TASK TO CARRY OUT
Please write out the full listing beneath this line exactly, skipping its images.

SOURCE DATA
+++++
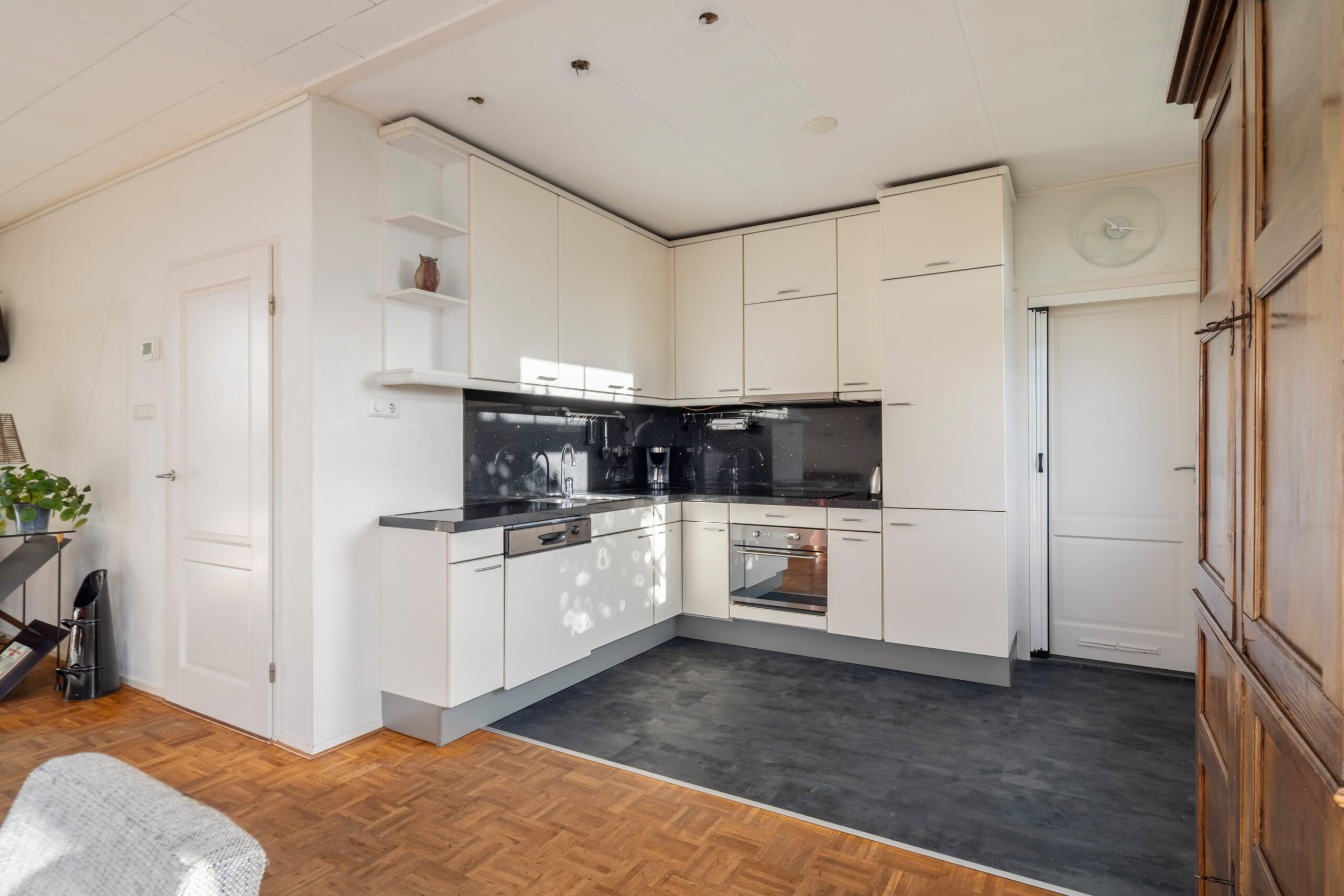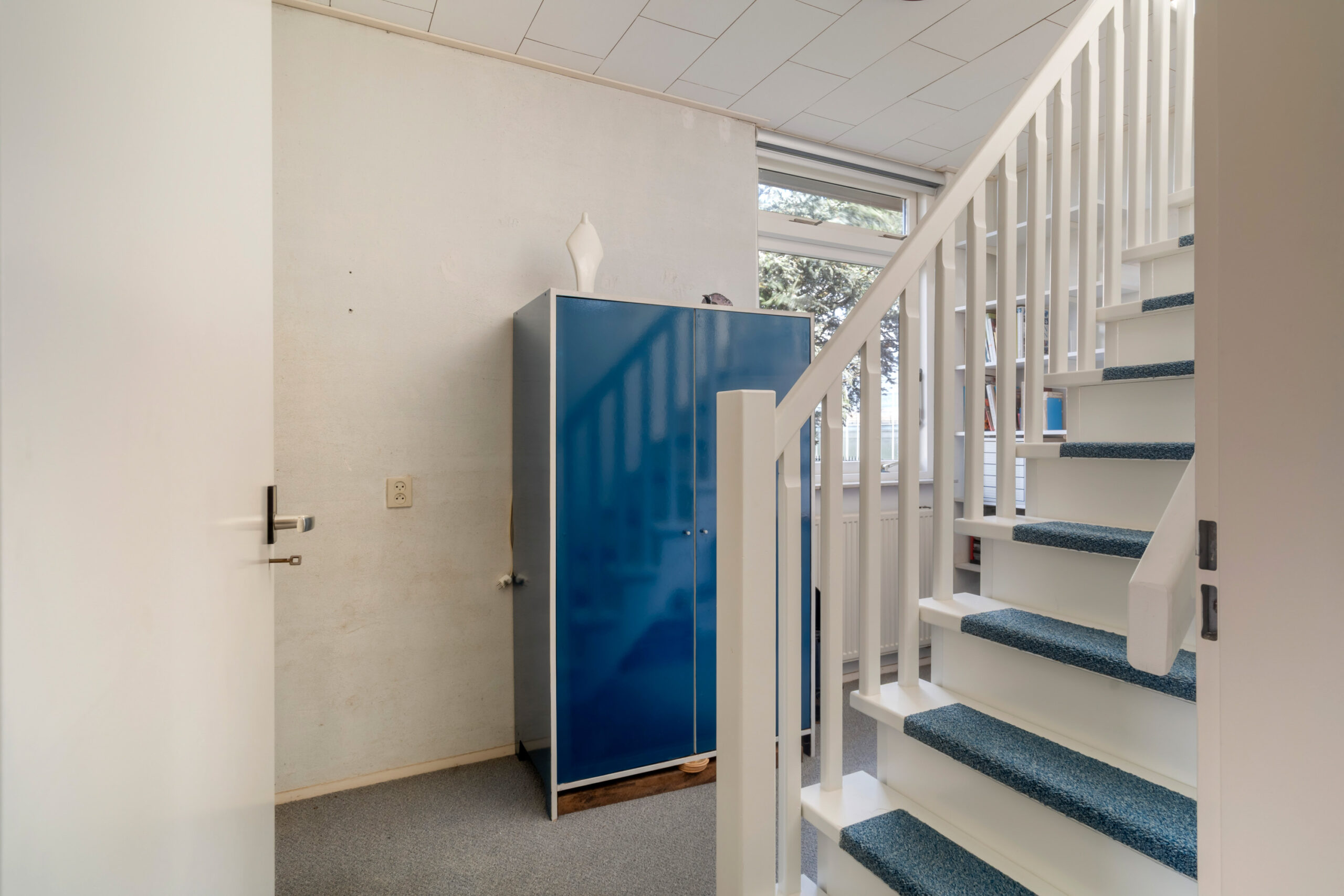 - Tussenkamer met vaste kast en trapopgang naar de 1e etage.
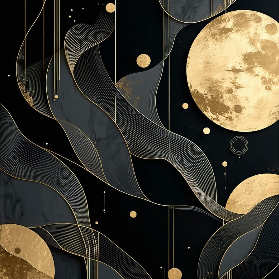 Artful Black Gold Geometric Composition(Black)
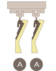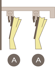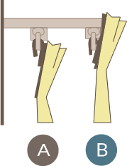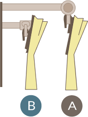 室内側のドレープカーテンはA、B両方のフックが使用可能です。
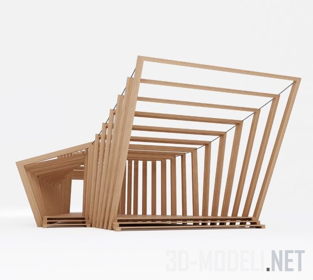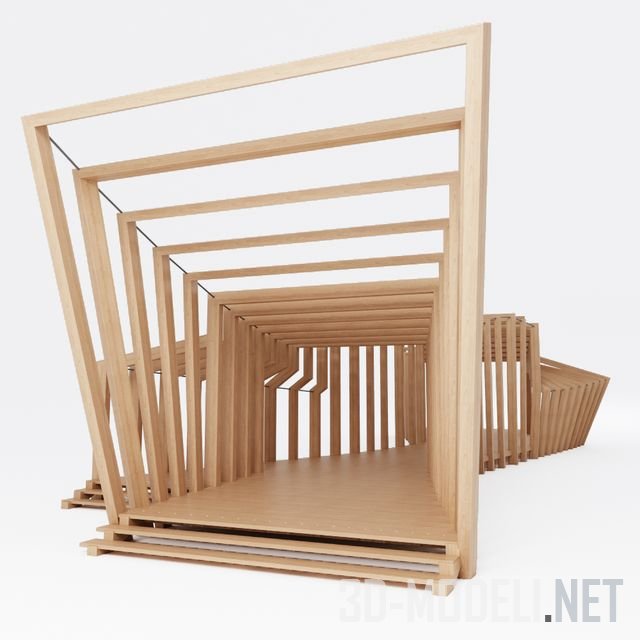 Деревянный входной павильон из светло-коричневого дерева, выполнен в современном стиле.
+++++
WRITTEN ANSWER
 - Tussenkamer met vaste kast en trapopgang naar de 1e etage.
 Artful Black Gold Geometric Composition(Black)
 室内側のドレープカーテンはA、B両方のフックが使用可能です。
 Деревянный входной павильон из светло-коричневого дерева, выполнен в современном стиле.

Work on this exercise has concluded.